To interactively compute on the Titan RTX GPU node (24 GB VRAM):

qlogin -p gpu -n 20 --gres=gpu:RTX:1 --mem=253000

To interactively compute on a newer L40S GPU node (46 GB VRAM):

qlogin -p l40s -n 96 --gres=gpu:L40S:1 --mem=253000

Note

Once in the interactive sessions, you must run the following to load the neccessary modules to use the L40S GPU:

module purge
module load L40S

Batch computing

A batch job is controlled by a script written by the user who submits the job to the batch system (Slurm).
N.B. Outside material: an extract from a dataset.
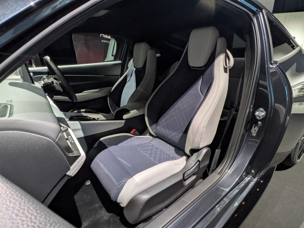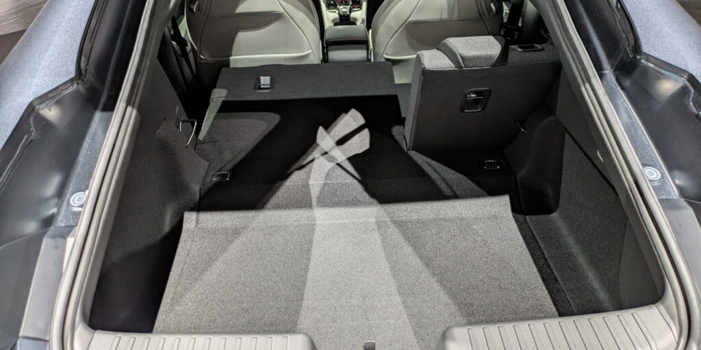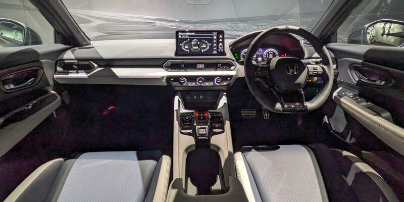 インテリアは、思わず触れたくなるような柔らかな陰影のホワイト表皮や所有する喜びを高める『PRELUDE』のロゴの刺繍、乗降時のスムーズな足の出し入れを考慮したドアライニング形状など、きめ細やかな作り込みで特別感を演出。また、運転席は、スポーツ走行に適したホールド性を高めたシートを採用。一方、助手席は、ほどよく包まれるような快適さを提供。低く水平基調の視界、Dシェイプデザインのステアリングホイール、メタル製パドル、専用のフルグラフィックメーターなど、走りへの期待感を高めるデザインに仕上げている。また、荷物の出し入れがしやすい開口部の広いテールゲート式の荷室には、スーツケース2個を乗せられ、さらに後席を倒すことで9.5型のゴルフバッグ2個、サーフボード2枚など、さまざまな荷物を積載可能としている。床面ボードの下には、収納スペースを設けていてコンビニフックや床面ボードを立てて仕切り板として使うことで、前後のスペースで荷物をわけられるなど、使い勝手の高い荷室にしている。

The batch system then selects the resources for the job given the parameters from the user and decides where and when to run the job. This method allows you to have access to more resources.

Jobs are submitted by:

sbatch <job script>

The job script is a shell script that contains the necessary directives for the batch system to allocate resources for the job. The job script should typically contain the following directives:

Directive

Description

#SBATCH –job-name

Name of the job

#SBATCH -p

Partition

#SBATCH -n

Number of cores

#SBATCH –time

Wall clock time

#SBATCH –mem

Memory

For GPU batch computing:

Directive

Description

#SBATCH –gres

Resources request (GPUS). For L40S, gpu:L40S:1

Additional useful directives:

Directive

Description

#SBATCH –mail-user

Email address to receive notifications

#SBATCH –mail-type

Reasons to notify (e.g. BEGIN, END, FAIL)

#SBATCH –constraint

Node constraint (i.e. required node feature)

#SBATCH –sockets

Number of sockets per node

#SBATCH –cores

Number of cores per socket

#SBATCH –mem-per-cpu

Memory per core. Alternative to –mem

Example scripts

A simple script requesting a single node consisting of 12 cores for 24 hours:

#!/bin/bash

#SBATCH --job-name=<job name>
#SBATCH -p node
#SBATCH -n 12
#SBATCH --time=24:00:00
#SBATCH --mail-type=FAIL
#SBATCH --mail-type=END
#SBATCH --mail-user=<netID>@illinois.edu

A simple script requesting many nodes consisting of 100 cores for 12 hours without caring about node configuration:

#!/bin/bash

#SBATCH --job-name=<job name>
#SBATCH -p sesempi
#SBATCH -n 100
#SBATCH --time=12:00:00
#SBATCH --mail-type=FAIL
#SBATCH --mail-type=END
#SBATCH --mail-user=<netID>@illinois.edu

A simple script for requesting a handful of cores but a large amount of memory per core (16 GB) for 6 hours:

#!/bin/bash

#SBATCH --job-name=<job name>
#SBATCH -p node
#SBATCH -n 4
#SBATCH --time=12:00:00
#SBATCH --mem-per-cpu=16g

A more advanced job script requesting 100 cores, 4 GB of memory per core, 12 hours of wall clock time and wanting a node configuration of 2 sockets with 10 cores each (i.e. using exclusively keeling-g nodes) and running WRF:

#!/bin/bash

#SBATCH --job-name=<job name>
#SBATCH -p sesempi
#SBATCH -n 100
#SBATCH --sockets-per-node=2
#SBATCH --cores-per-socket=10
#SBATCH --time=12:00:00
#SBATCH --mem-per-cpu=4096
#SBATCH --mail-type=FAIL
#SBATCH --mail-type=END
#SBATCH --mail-user=<netID>@illinois.edu

mpirun -np $SLURM_NTASKS ./wrf.exe

A script for accessing a L40S GPU, requesting 96 cores, 2 days of wall clock time, and 253 GB of memory:

#SBATCH -p l40s
#SBATCH -N 1
#SBATCH -n 96
#SBATCH --gres=gpu:L40S:1
#SBATCH --constraint=tl40s
#SBATCH --mem=253000
#SBATCH --time=48:00:00
#SBATCH --output=batchout
#SBATCH --mail-user=<netID>@illinois.edu

module purge
module load L40S

Helpful SLURM command line options

Command

Description

sinfo

View partition and node information for a system. Helpful viewing node availability

sbatch

Submit a job script

squeue

View information about jobs located in the Slurm scheduling queue

scancel

Signal job to quit

sshare

View listing the shares of associations on the system

sacct

View accounting data for all jobs

sview

Graphical interface of the Slurm state

Information regarding each command may be found here or by viewing each command’s man page.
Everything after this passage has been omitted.